No, llama-cpp’s llama-server doesn’t have a “skip reasoning” switch you can flip per request. But you can get 90 % of what you want by sending per-request inference parameters (low-latency settings) from your client, rather than spinning up a second server.

Use per-request inference options

Every llama-server JSON request accepts an options block. You can keep “full reasoning” as the default in your scripts, and for the latency-sensitive calls send something like:

{ "prompt": "your short task …", "options": { // keep the context window minimal "n_ctx": 1024,

// shut off sampling creativity
"temperature": 0.0,       // deterministic top-token
"top_k": 1,
"top_p": 1.0,

// stop as soon as first newline (or other token)
"n_predict": 32,          // or whatever very small number
"stop": ["\n"]

} }

Effect: the model does far fewer decoder steps, returns a terse answer, and you avoid the extra server instance.

Why it works: “Reasoning” is just longer, probabilistic sampling. Constrain the sampling window and the model won’t wander into chain-of-thought.

If you really need two parameter sets

Option A – two endpoints, one process

Use two routes inside the same server:

route /fast → hard-coded low-latency options

route /rich → default exploratory options

You’d add a small wrapper around llama.cpp’s server to map URL paths to option presets—still only one model in VRAM.
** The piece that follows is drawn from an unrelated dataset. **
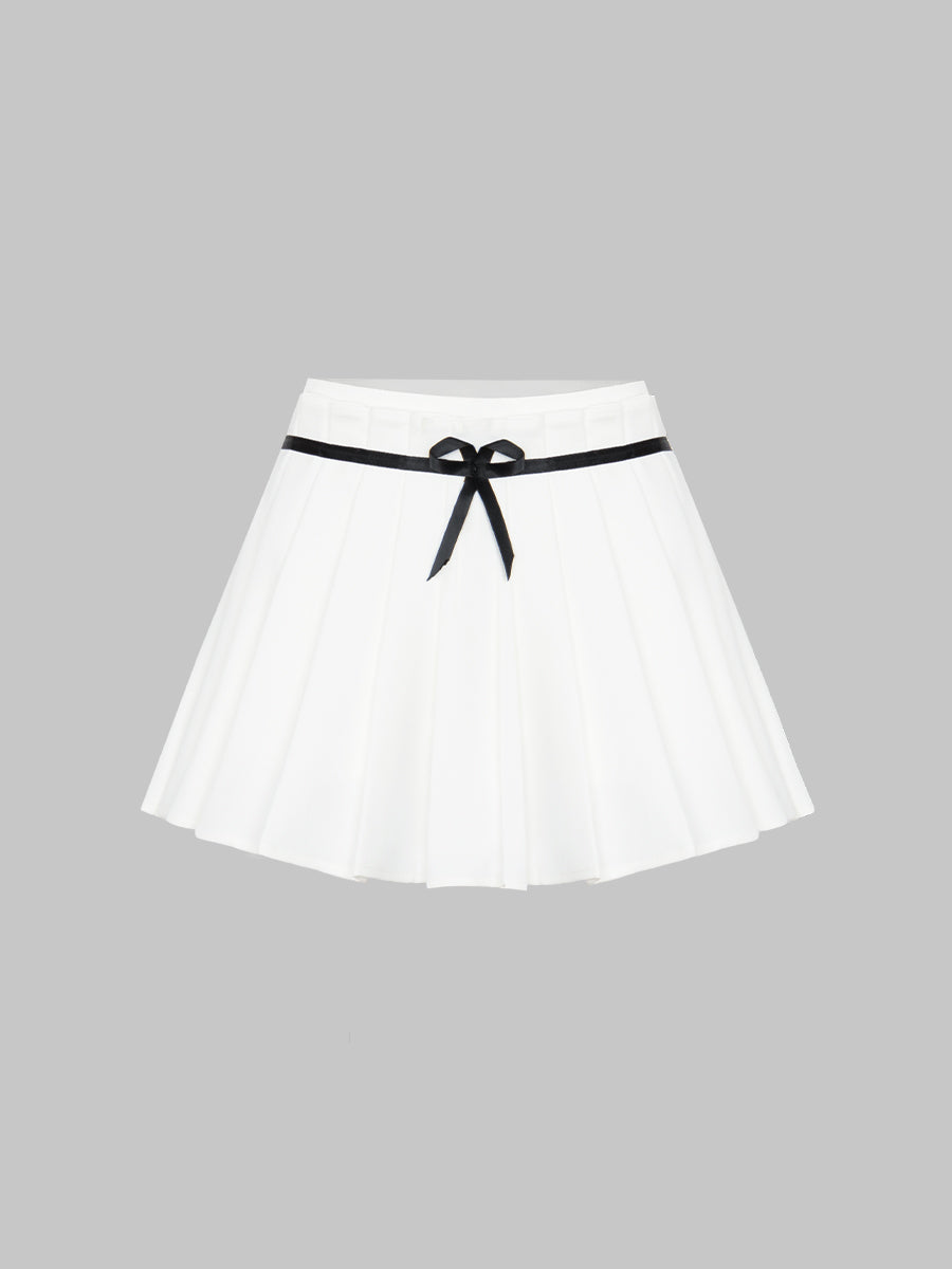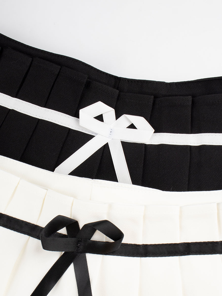 Solid Color Fake Two Pieces Bow Pleated Skirt

Option B – two server processes

Running two separate llama-server instances will double-load the model into VRAM today; llama-cpp doesn’t offer shared weights across processes yet. If you’re VRAM-constrained, stick with Option A (single process + routing).
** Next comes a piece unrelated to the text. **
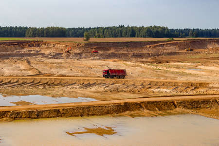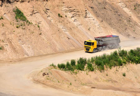 Dump truck transports sand in open pit mine. In the production of concrete, concrete for the construction using coarse sand. Quarry in which sand and gravel is excavated from ground. Mining industry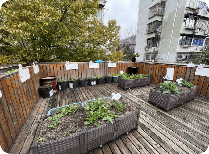 可食地景微改建项目中,通过孩子们的脑力激荡,提出微改建的创意,比如:增加灯带、为小鸟安置小木屋、增加指示牌等。把孩子的创意进行汇总提供给第三方设计公司,通过设计师进行项目设计并落实。微改建后,邀请孩子们参与可食地景的春耕、秋收,感受可食地景改变。

Quick flag glossary (for latency tuning)

Option What it does Latency effect

n_predict Max tokens to sample linear ↓ temperature 0 → greedy decoding slight ↓ top_k = 1 pick highest-prob token slight ↓ mirostat = 0 turn off adaptive sampling removes extra compute repeat_penalty = 1.0 neutral repetition bias a tiny ↓

Adjust just these and you’ll feel the difference.

TL;DR

Use per-call options instead of per-model servers. If you need two modes, build a lightweight route-switcher and keep one copy of the weights in memory.